• [DATA FOR REVIEW]:
++++++

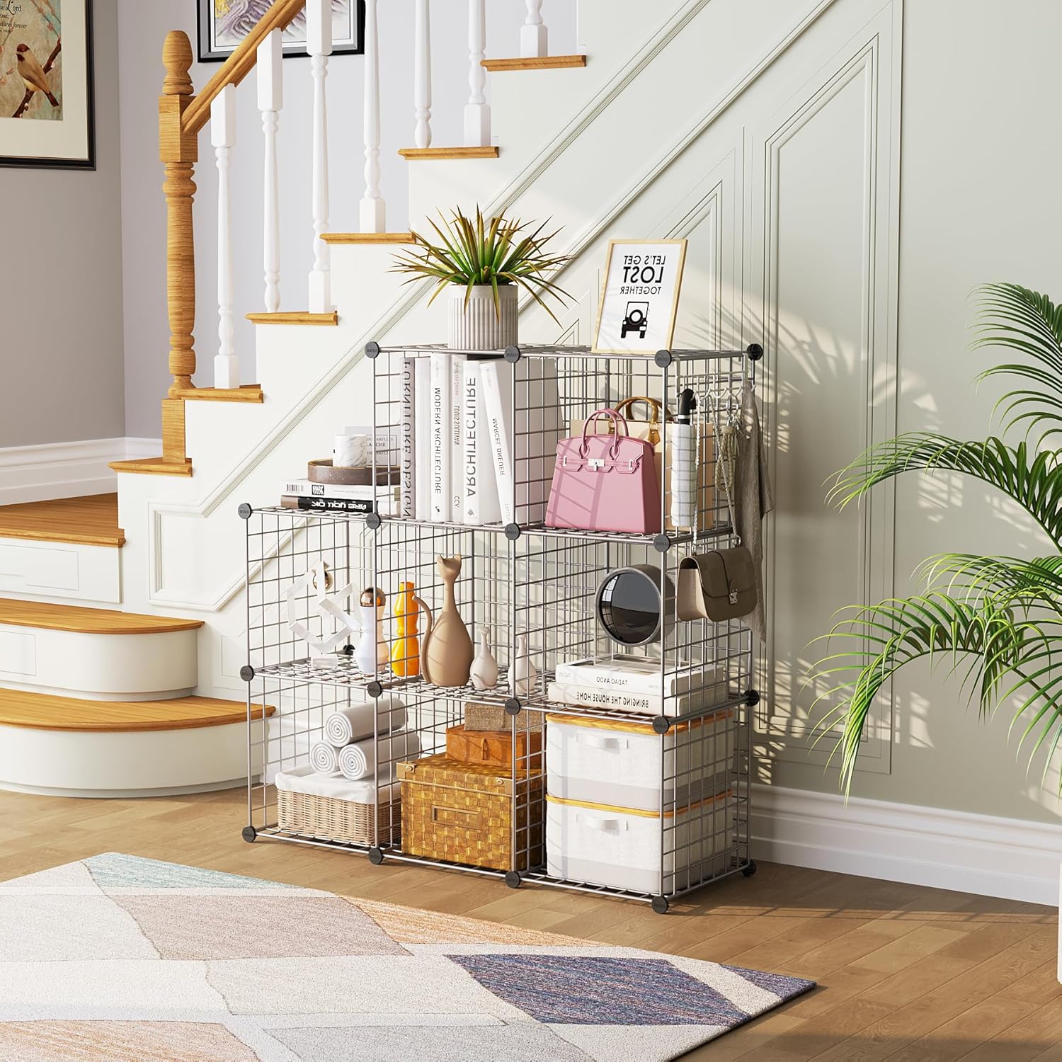- MULTIFUNCTION: Multifunctional metal storage has a modern industrial an ideal choice to your living room, bedroom, corridor or kitchen etc.Perfect as a storage rack for clothes, books, shoes, toys, bags, artcrafts, potted plants,ball of wool and other necessities.Within the number of panels, you can also install a pet fence to give your pet a home
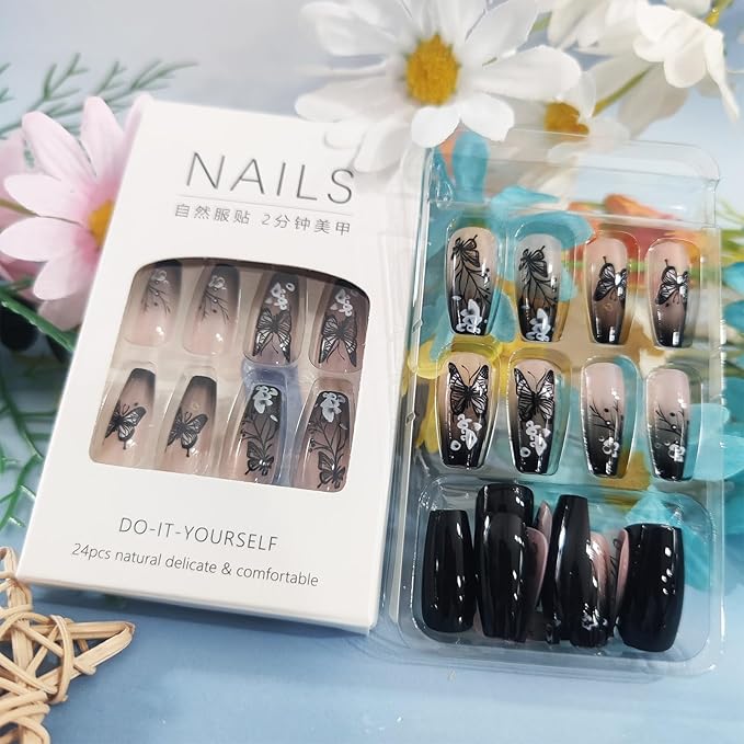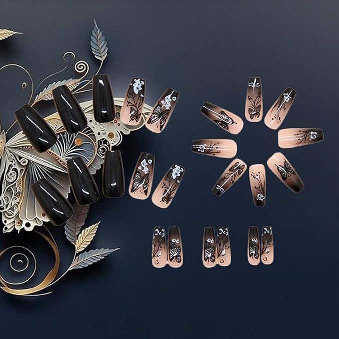 - Kind Tips: Black butterfly press on nails package does not contain nail glue, the durability of jelly gum is limited, we suggest you use your own glue
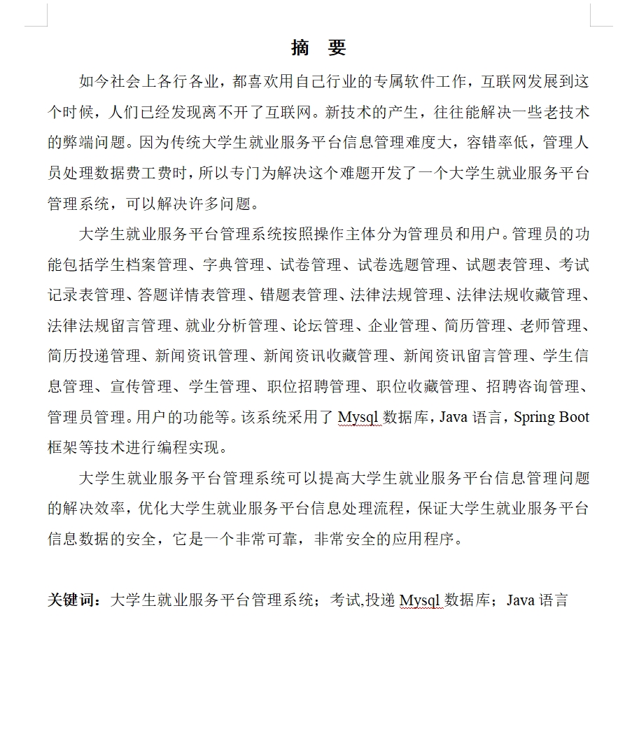 基于java(springboot)框架实现的大学生就业服务平台----系统平台主页
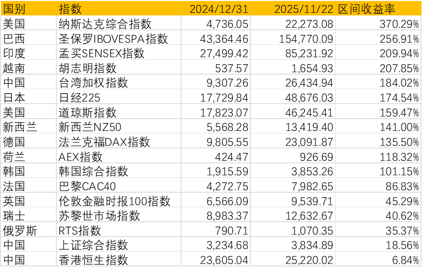 发在视频号的那张图是来自《我独自升级》这样一个动漫作品,经常被用来做各种梗图,尤其适合涉及到排名的场景,其中的排名标记用的是自2014年底以来的收益率,美国纳斯达克指数、巴西圣保罗指数、印度孟买指数是位居前三的,加上越南的胡志明指数,四个指数收益率都超过了200%;中国三个市场指数中,台湾加权指数排名靠前,达到了184%的收益,而上证指数和恒生指数则表现比较差,10年多的时间分别录得18.56%、6.84%的收益率。
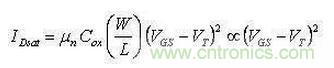 綜合以上閾值電壓和載流子遷移率這兩種因素的不同影響,則根據(jù)MOSFET飽和電流的表示式即可得知:
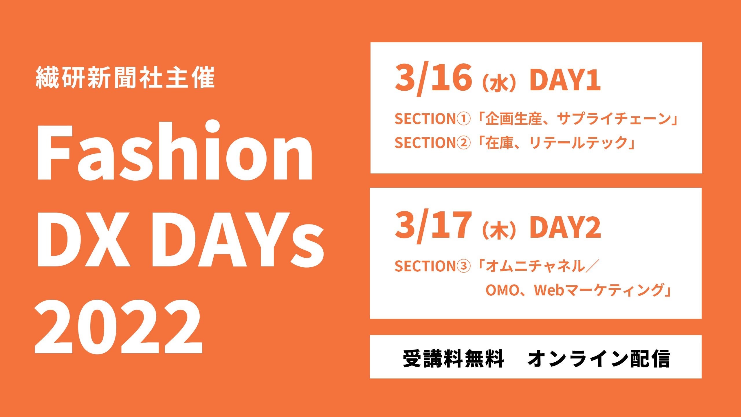 シルバーエッグ・テクノロジー株式会社は、2022年3月16日(水)~3月17日(木)に開催される、株式会社繊研新聞社主催のオンラインイベント「ファッションDX DAYs 2022」に出展いたします。

++++++

• [AIM OF THE TASK]: Each line, from the beginning of the listing to the line bearing "基于java(springb" inclusive, should be copied exactly; the pictures stay out.

• [REPLY TO THE EXERCISE]:
- MULTIFUNCTION: Multifunctional metal storage has a modern industrial an ideal choice to your living room, bedroom, corridor or kitchen etc.Perfect as a storage rack for clothes, books, shoes, toys, bags, artcrafts, potted plants,ball of wool and other necessities.Within the number of panels, you can also install a pet fence to give your pet a home
 - Kind Tips: Black butterfly press on nails package does not contain nail glue, the durability of jelly gum is limited, we suggest you use your own glue
 基于java(springboot)框架实现的大学生就业服务平台----系统平台主页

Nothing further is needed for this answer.